Unfortunately we couldnt make the Brands Hatch race due to technical issues. Sorry to those who were going to bring along their support.
We will be busy over the winter preparing for next season. We welcome all your support. I will try and keep you posted on dates etc. The easiest way to find out how we are progressing is to visit our website www.hosken-racing.co.uk.
stay safe on the roads and come to a track with us if you want some real fun! :twisted:


----------



## nutts (May 8, 2002)

We'll be covering Mark's progress in absoluTTe. The first of these articles will be in absoluTTe 8 due to hit doormats next week. We'll be posting them from Monday...


----------



## genocidalduck (May 19, 2005)

Wooo Hoooo


----------



## YELLOW_TT (Feb 25, 2004)

Roll on Monday


----------



## ObiWan (Sep 25, 2005)

Hosken Racing said:


> Thought I would be so bold as to come and see what you lot are all up to.
> Thanks to the TTOC for your support with getting the race car up and running. 2nd and 3rd place at our first race this year plus best prepared car was very satisfying.
> Unfortunately we couldnt make the Brands Hatch race due to technical issues. Sorry to those who were going to bring along their support.
> We will be busy over the winter preparing for next season.
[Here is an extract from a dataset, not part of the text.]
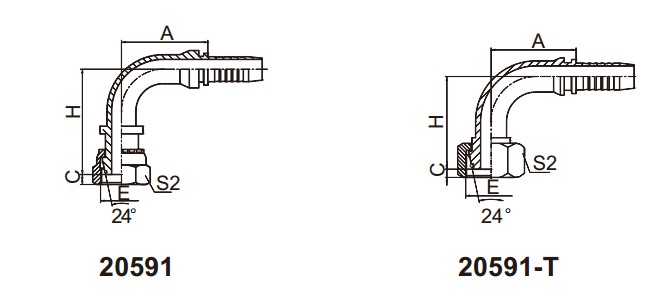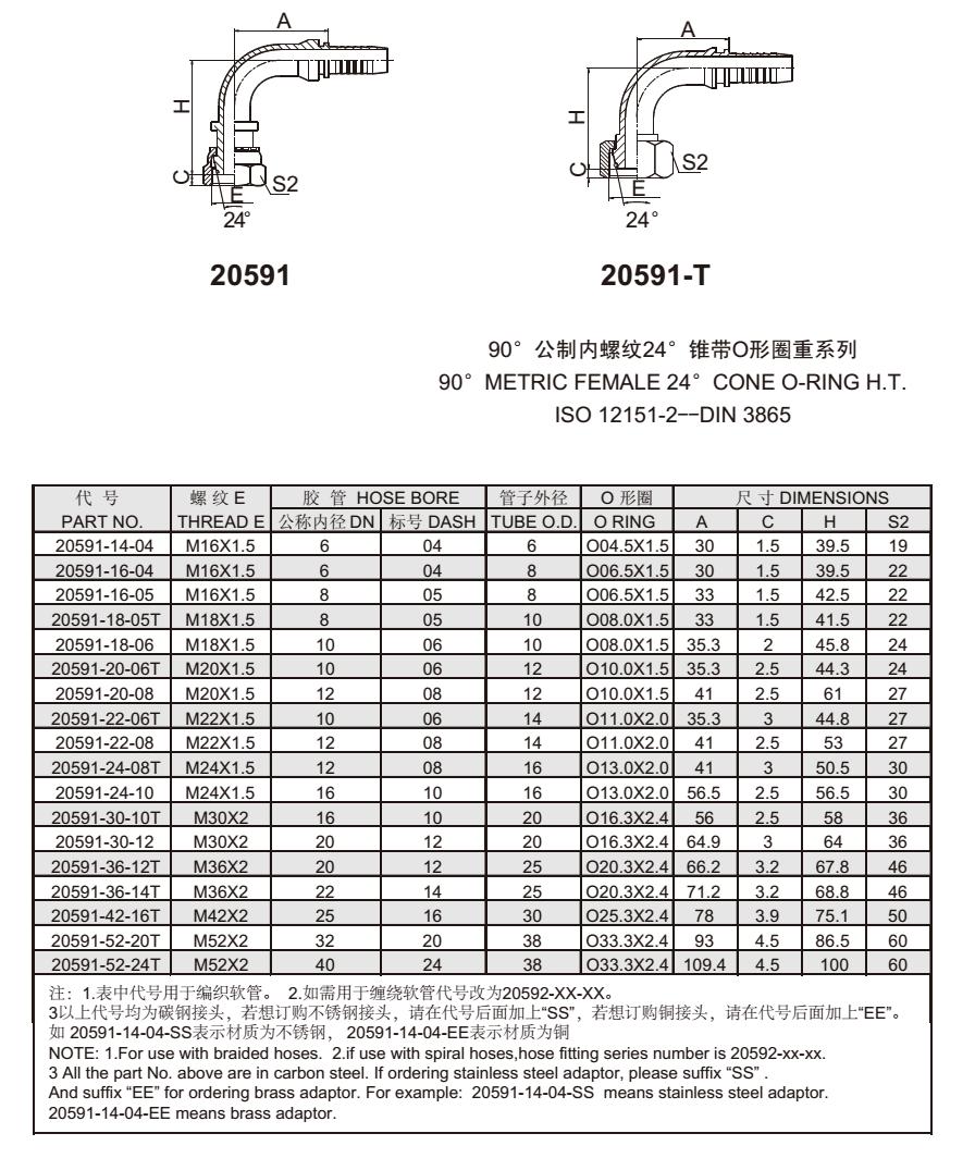 20591 90°公制內螺紋24°錐帶O形圈重系列 扣壓式軟管接頭

We welcome all your support. I will try and keep you posted on dates etc. The easiest way to find out how we are progressing is to visit our website www.hosken-racing.co.uk.
> stay safe on the roads and come to a track with us if you want some real fun! :twisted:


Nice to see you on here Mark, I look forward to you feeding our hunger and interest in your success. Cannot wait for your next update 8)


----------



## thehornster (Apr 29, 2005)

Superb!!!!


----------



## moley (May 14, 2002)

Nice to see the TTOC logo on the back of the car 8)

Moley


----------



## Rhod_TT (May 7, 2002)

It's scary how standard this race car sounds. Surely there's some road TTs that could give it a run for it's money (with slicks etc.)


----------



## Kell (May 28, 2002)

Rhod_TT said:


> It's scary how standard this race car sounds. Surely there's some road TTs that could give it a run for it's money (with slicks etc.)


I think (having read and edited the first part of the article for A8), that while the power isn't massive, Mark has adopted the Colin Chapman approach and lightened the car as much as possible.

The combination, obviously, pushes the bhp/tonne figure upwards and improves the handling and response a lot more than simply power gains alone.


----------



## Hosken Racing (Sep 8, 2005)

Thanks for all the positive replies.
Being a racer I have to bite on the challenge to a race. :twisted: 
Although i must say there are some fantastic Audi TT's out that that you lot have built. 
I wouldn't stand a chance against any of them including a standard road car, cos i would get shaken to bits on the road and in my job as a firefighter its not the right place for a challenge.
Our race car is featured on the front cover of Track and Race Car magazine this month. They want to do a story next year pitching my race car against a standard TT around Bruntingthorpe proving ground. I hope this will answer your question and not result in me red faced  
If we manage to secure sponsorship for next season there are several mods that we need to add to the cars spec to challenge for the championship. The competition is seriously hot with the likes of a Ford Focus V8 with 600 bhp and an ex Escort World Rally Car converted for the track with 500bhp and carbon fibre everything.
Please enjoy reading about the car in Absolutte 8, Audi driver (Nov 05issue), Track and Race Car (Dec 05 issue) and at www.hosken-racing.co.uk .
Maybe we can have a play at a track day next year :idea: 
I will be taking people out for rides in the race car at trackdays next year. Its a way of raising money to race and great fun. The race team is non profit making so we do it just for fun-although its very expensive :!:


----------